Under this line are the records; write out word for word the part that begins at the line containing "Bếp du lịch" and ends at the line containing "Мы были по-настоящему", and no more.

**Material for this task:**
====

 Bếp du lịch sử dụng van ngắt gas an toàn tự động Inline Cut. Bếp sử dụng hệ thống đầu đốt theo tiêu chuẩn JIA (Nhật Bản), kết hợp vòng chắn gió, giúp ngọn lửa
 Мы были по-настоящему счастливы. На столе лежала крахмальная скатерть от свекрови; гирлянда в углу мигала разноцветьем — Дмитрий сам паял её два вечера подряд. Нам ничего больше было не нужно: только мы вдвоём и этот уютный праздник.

====

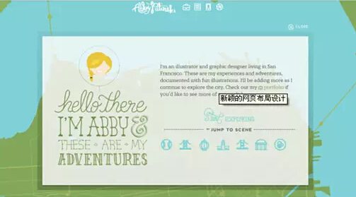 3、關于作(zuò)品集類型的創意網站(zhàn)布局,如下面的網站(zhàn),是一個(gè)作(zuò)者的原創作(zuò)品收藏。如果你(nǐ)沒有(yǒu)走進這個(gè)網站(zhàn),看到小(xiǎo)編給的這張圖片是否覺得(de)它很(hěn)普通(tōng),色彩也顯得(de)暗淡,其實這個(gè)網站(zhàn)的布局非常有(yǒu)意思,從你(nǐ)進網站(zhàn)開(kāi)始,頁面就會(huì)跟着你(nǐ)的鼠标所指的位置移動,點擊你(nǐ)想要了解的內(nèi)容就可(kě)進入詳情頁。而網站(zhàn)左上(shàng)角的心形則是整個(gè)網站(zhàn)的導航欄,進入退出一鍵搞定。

====

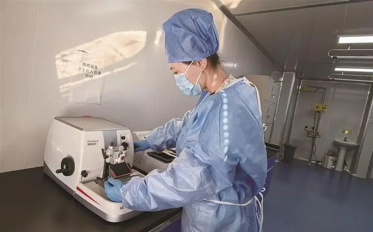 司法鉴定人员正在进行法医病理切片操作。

====

**Written answer:**
 Bếp du lịch sử dụng van ngắt gas an toàn tự động Inline Cut. Bếp sử dụng hệ thống đầu đốt theo tiêu chuẩn JIA (Nhật Bản), kết hợp vòng chắn gió, giúp ngọn lửa
 Мы были по-настоящему счастливы. На столе лежала крахмальная скатерть от свекрови; гирлянда в углу мигала разноцветьем — Дмитрий сам паял её два вечера подряд. Нам ничего больше было не нужно: только мы вдвоём и этот уютный праздник.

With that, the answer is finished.